2.8.5. Interleukin 6 measurement

Enzyme-linked immunosorbent assay was used to detect influence of oleic acid on secretion of inflammatory mediators such as IL-6. Lung was removed from each group and then harvested inside PBS pH 7.2. 100 μL homogenate of each sample was used to quantify the level of IL-6 according to the manufacturer's procedure using Human IL-6 ELISA Kit (Bioassay Technology Laboratory, Shanghai, China). Samples were then measured spectrophotometry at 450 nm. The concentrations were determined by constructing standard curve using recombinant IL-6. The measurement was performed in triplicated [33].
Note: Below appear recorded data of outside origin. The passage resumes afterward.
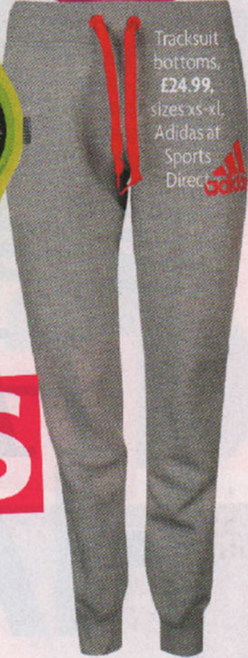
Tracksuit bottoms, £24.99, sizes xs-xl, Adidas at Sports Direct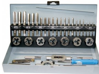
T013 Metric HSS Tap & Die Set - 32 Piece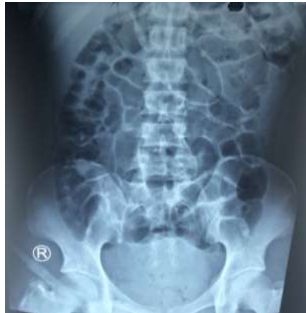
Figure 6. Abdominal xray found ground glass appearance at pelvic cavity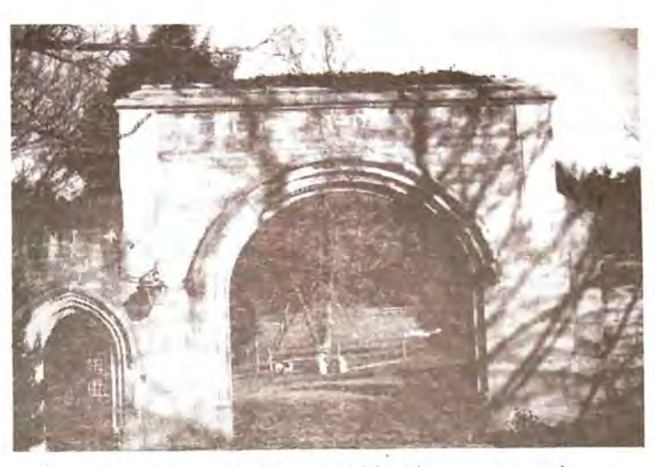
Figure 36. View west from Cobble Close court yard.

Mrs. Straus retained the property until 1949. The two farms, the main house and superintendents house were sold separately at auction that December 3. The horse and dairy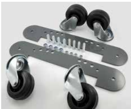
Set of wheels for mounting under protective frame (item number 78861413)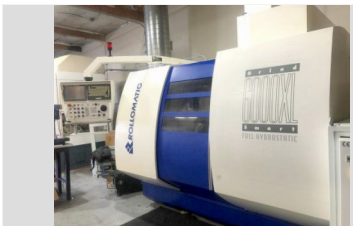
ROLLOMATIC 6000XL Tool & Cutter grinder CNC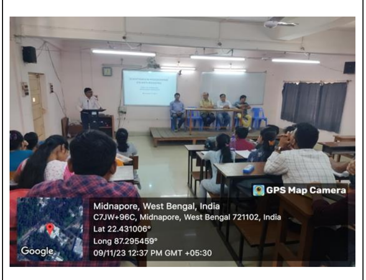
Figure 14: Sensitization programme on Anti-ragging at various departments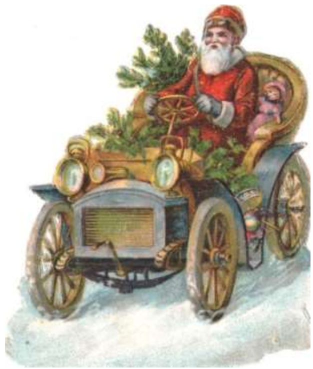
A Victorian scrap from my collection depicting Santa driving an automobile circa 1905.

Greeting cards are where you'll find the most commonly seen images of Santa driving an automobile. Here are a few examples from my collection.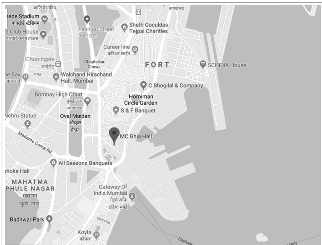
MC Ghia Hall, Bhogilal Hargovindas Building, 4th Floor, 18/20, K Dubash Marg, Kala Ghoda, Mumbai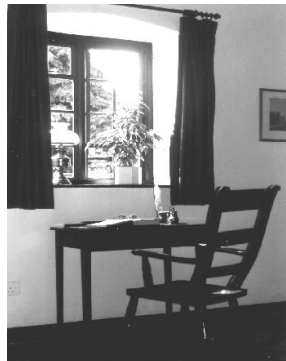
Newman's private room

Every Wednesday there is a Holy Hour in Newman's chapel at 7.45 pm open to everyone.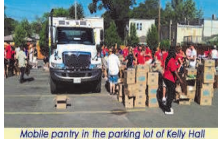
Mobile pantry in the parking lot of Kelly Hall

This year we are fund raising to provide healthy after school snacks for the hundreds of children who attend the Mission of Our Lady of the Angels after school program in West Humboldt Park, one of the poorest neighborhoods in the City of Chicago.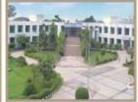
SKS Ayurvedic Medical College and Hospital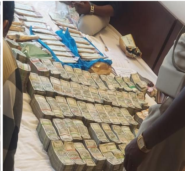
Seizure of liquor in Bengaluru & heavy cash seized in Bangarapet AC in Kolar district

Notable hauls include seizure of Rs 4.04 Crores of cash in Bangarapet AC in Kolar District, raid of lab illegally manufacturing Alprozolam in Hyderabad by intelligence gathered and trail mapping done by NCB; 100 kg ganja seized in Bidar district; significant liquor seizures have been made by all the districts. Another striking feature of expenditure monitoring has been huge seizures of freebies. Sarees and food kits have been seized from Kalburgi, Chimangalur and other districts. Huge number of pressure cookers and kitchen appliances were also seized from Bailhongal and Kunigal and other ACs.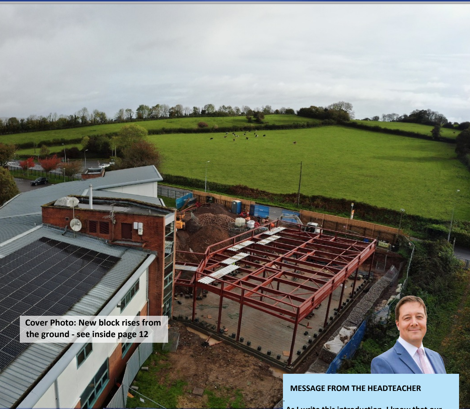
Cover Photo: New block rises from the ground - see inside page 12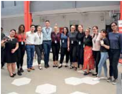
Students from UOW Wollongong campus on Study Tour to IICS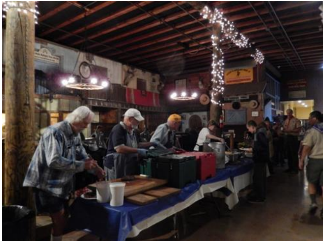
The serving team prepares to feed the many waiting Boy Scouts, leaders and parents.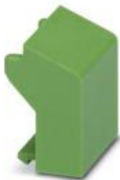
DIN rail housing, Filler plug for unoccupied terminal points, color: green (6021)

Please be informed that the data shown in this PDF Document is generated from our Online Catalog. Please find the complete data in the user's documentation. Our General Terms of Use for Downloads are valid ( http://phoenixcontact.com/download )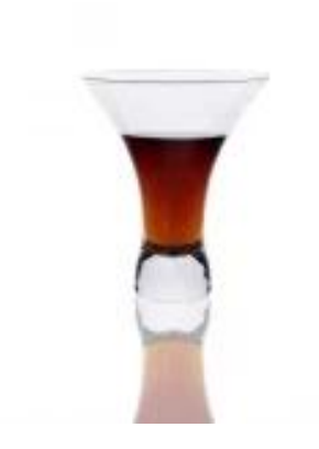
<u>clear whisky glass tumbler</u>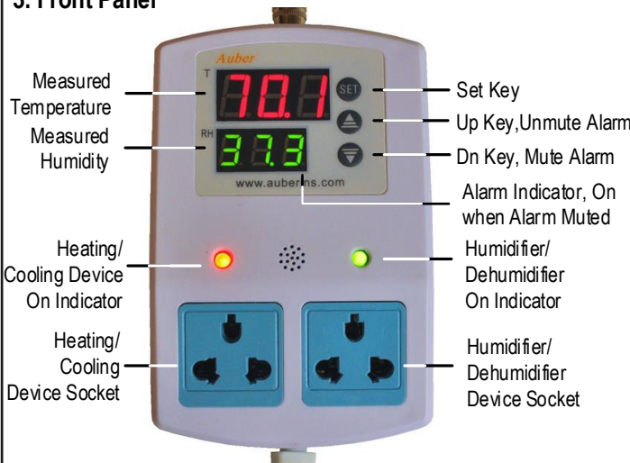
Figure 1. Front Panel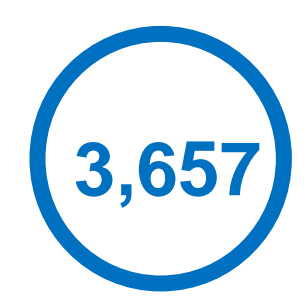
Number of Likes per week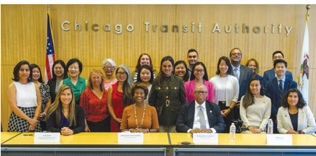
Sept. 7, 2023 USDOT Chicago Listening Session

The Connected Communities Impact Table, part of NERA and co-led by Elevated Chicago, Transformation Alliance (Atlanta), and ACT-LA, convened in Chicago for a day-and-a-half session. The meeting served as a learning exchange and strategizing session for furthering the goals of the table: resourcing organizations to do ETOD work, providing joint oversight and community engagement for ETOD, and educating partners about public policy and impact at the federal level. Organizers from the three cities attended the event and toured The Hatchery, one of Chicago's pioneering ETODs.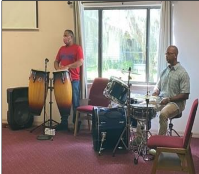
In the Photos: Saints enjoying the revival retreat hosted by Holy of Holies Tabernacle.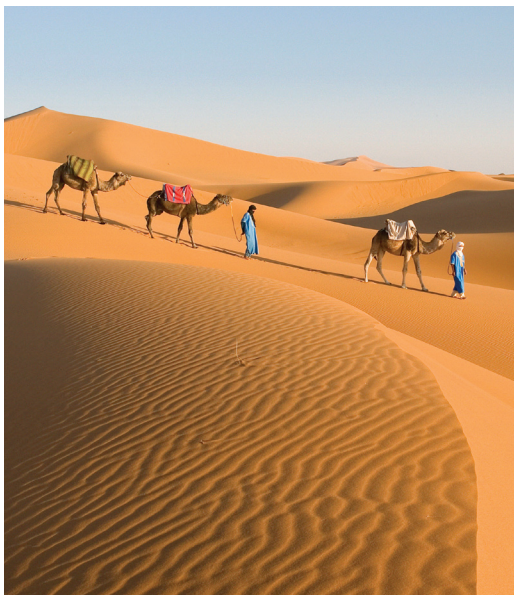
We ride camels in the Sahara.

Day 13: Marrakech/Casablanca We leave Marrakech this morning by coach for storied Casablanca, Morocco’s largest and most cosmopolitan city. After a brief orientation tour of the city, we visit the magnificent Hassan II Mosque, Morocco’s only functioning mosque open to non-Muslims. Tonight we celebrate our Moroccan adventure at a farewell dinner at a local restaurant. B,D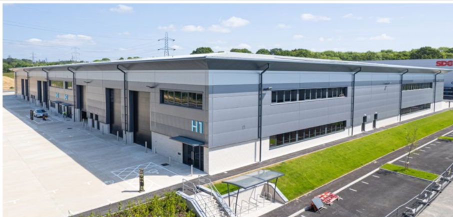
Phase II construction completed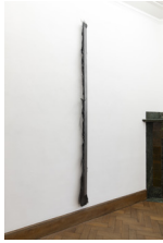
Victoire Thierrée Weave #1, 2023 218 x 16 x 3 cmm Technical ceramic, steel, cire Unique Edition

LA MAISON DE RENDEZ-VOUS is pleased to announce Crashed , a solo exhibition with Paris-based artist Victoire Thierrée. In the LMDRV exhibition, Thierrée appropriates the form and material of armed force, fragmenting, abstracting and re-imagining media as varied as military-grade ceramic fiber and documentary photography. Thierrée draws upon the inherently fetishistic relationship between object and image to create a body of work as extraordinarily alien as it is disarmingly familiar.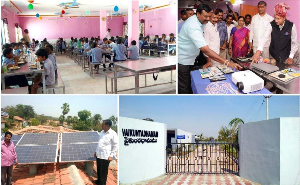
. Dining room and internet access for the school, solar panels, new crematorium in Ibrahimpur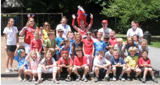
The Beginning Readers 2010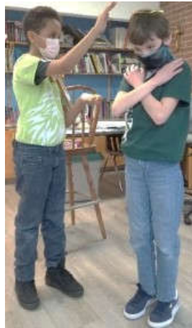
Jesus' Baptism in the Jordan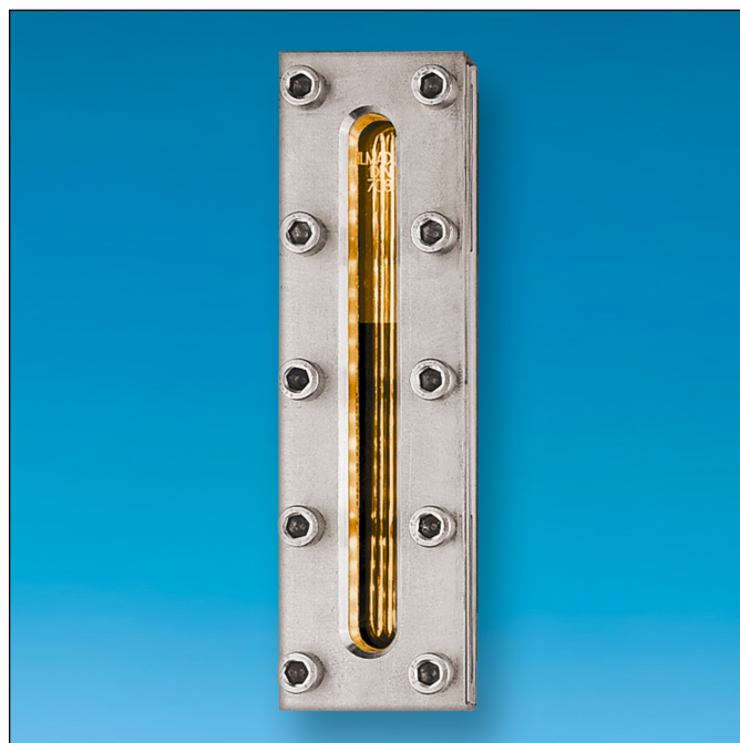
Complete assembly of a Lumiglas sight glass fitting rectangular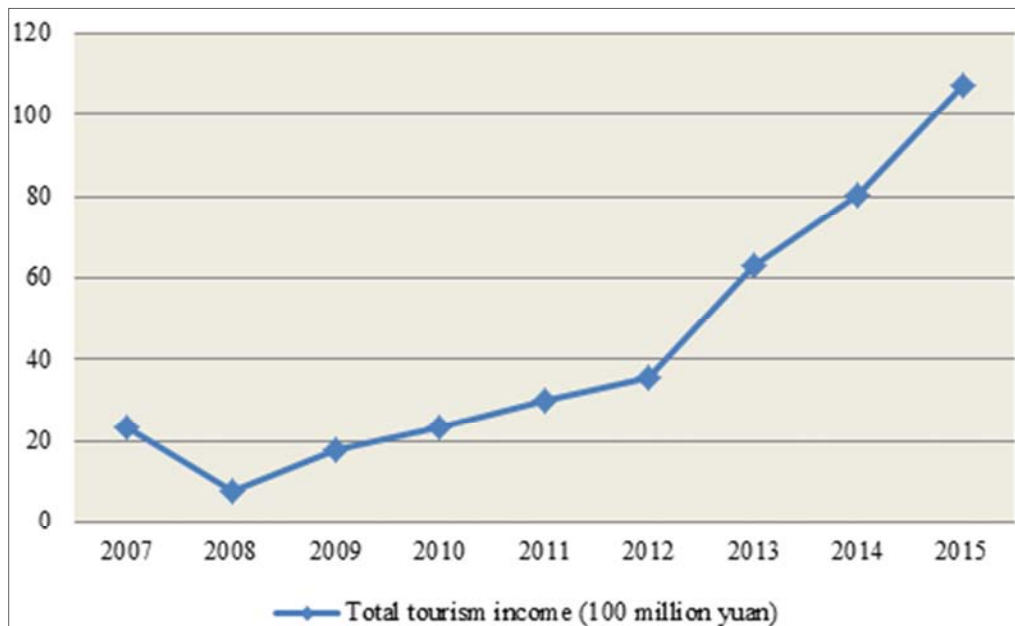
Figure 1. Statistics on the Total Tourism Revenue of Ganzi Tibetan Autonomous Prefecture (Source: Statistical Communiqué on National Economic and Social Development of Ganzi Tibetan Autonomous Prefecture, 2007-2015).

(Source: Statistical Communiqué on National Economic and Social Development of Ganzi Tibetan Autonomous Prefecture, 2007-2015)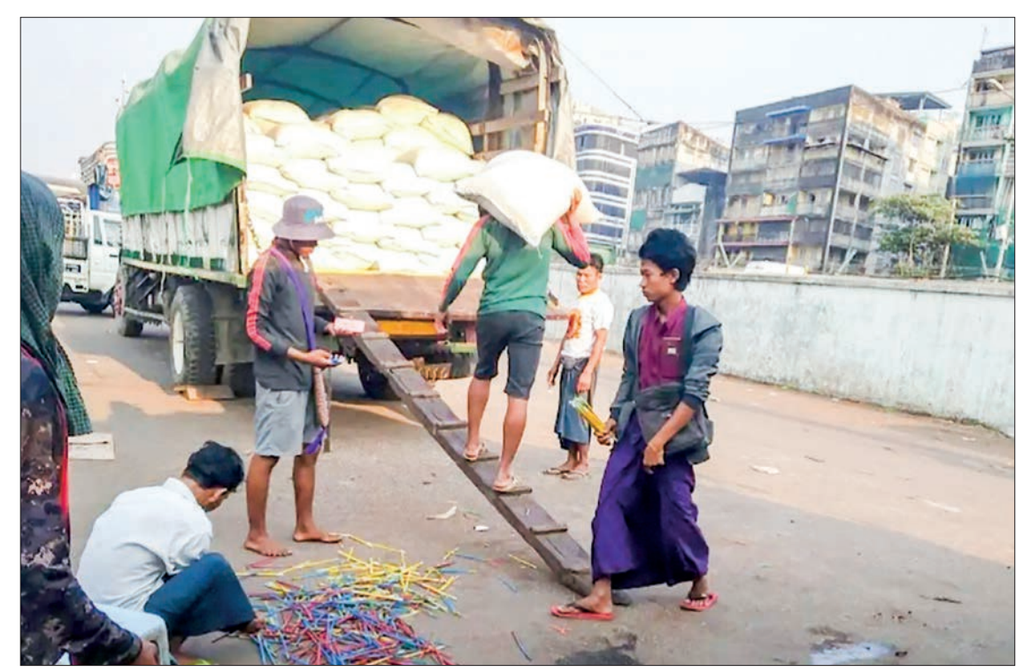
Freight workers loading bags of rice onto aboard the cargo truck for distribution to regions and states.

New monsoon paddy is expected to enter the market in 2022 November, and the arrivals of the new paddy face a discount of around K10,000 per bag each year compared to the old paddy on the market because consumers are mainly buying old rice.—TWA/GNLM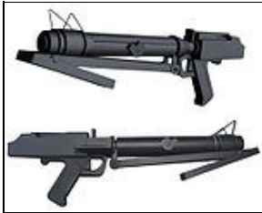
DC-15S Blaster Carbine (animated style) For 501st approval:

Items below are optional costume accessories. These items are not required for approval, but if present appear as described below.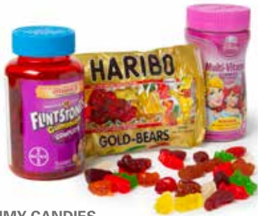
GUMMY CANDIES GUMMY VITAMINS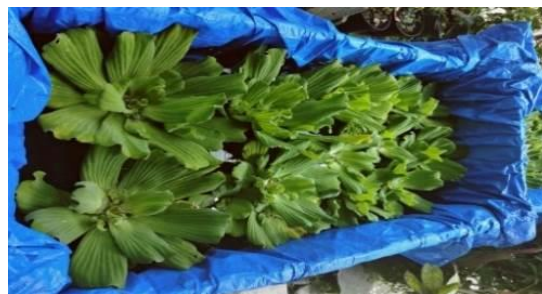
Figure 1. Reactor for Acclimatization Process

The tools needed were 1 L beaker glass, 30 mL volumetric pipette, glass rod, 1 big reactor with dimension 100 m x 80 m for acclimatization process, and 12 reactor basins for the treatments.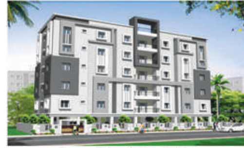
Ayyappa Kuteer -Manikonda, Hyd.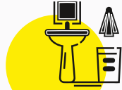
Hardware, Bathroom Fittings & Sinks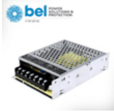
Belfuse Power supply for charging station

2.8.6. Plaque reduction assay

Plaque inhibition assay for drug susceptibility testing was carried out in a six multiwells plate with 90% confluent Vero E6 (for SARS-CoV-2 virus) [34]. The treated (Various concentrations in DMEM) and control untreated hCoV-19/Egypt/NRC-03/2020 (Accession Number on GSAID: EPI_ISL_430820) (10-3 dilution of the virus stock) were incubated at room temperature for 1 h. Growth medium was removed from the cell culture plates and the cells were incubated with (100 μL/well) of each virus or virus/compound mixture. After 1 h contact time for virus adsorption, 3 mL of DMEM supplemented with 2% agarose and the tested compounds was added onto the cell monolayer. Then, plates were left to solidify and incubated at 37 °C till formation of viral plaques (3 to 4 days). Formalin (10%) was added for 2 h then plates were stained with 1% crystal violet in distilled water. Control samples were included where untreated virus was incubated with Vero E6 cells and finally plaques were counted and the percent of reduction in plaques formation was recorded as following:

$$\%\text{inhibition}=\text{viral count}\left(\text{untreated}\right)-\text{viral count}\left(\text{treated}\right)/\text{viral count}\left(\text{untreated}\right)\times 100$$

2.8.7. Biostatistical analysis

The results were expressed as mean ± standard error of mean (SEM). Data were analyzed by Sigma Plot Software 12.1 using one-way analysis of variance (ANOVA), followed by Duncan's test for comparison between different treatment groups. Statistical significance was set at P ≤ 0.05.

3. Results

3.1. Flavonoids composition of chamomile flowers and milk thistle extraction

HPLC was used to identify and quantify the encapsulation of flavonoids contents. The concentration of individual flavonoids in the extracts of chamomile flowers and milk thistle was shown in (Fig. 1 and Table 1, Table 2 ). Since, gallic acid showed good amount in encapsulation (4.96 ± 0.1 μg/mL). While, methyl gallate observed minor amounts (0.03 ± 0.2 μg/mL). The other contents of flavonoids were arranged as following; Gallic acid > Chlorogenic acid > Taxifolin > Caffeic acid > Ellagic acid > Caffeic acid > Naringenin > Ferulic acid > Vanillin > Coumaric acid > Methyl gallate. On the other hand, silymarin content was estimated as (96 ± 0.3 μg/mL).

Fig. 1.

Chromatography result showed peaks of flavonoids contents isolated after their encapsulation.

Table 1.

Quantification and identification of flavonoids contents isolated from chamomile flowers and then were encapsulated.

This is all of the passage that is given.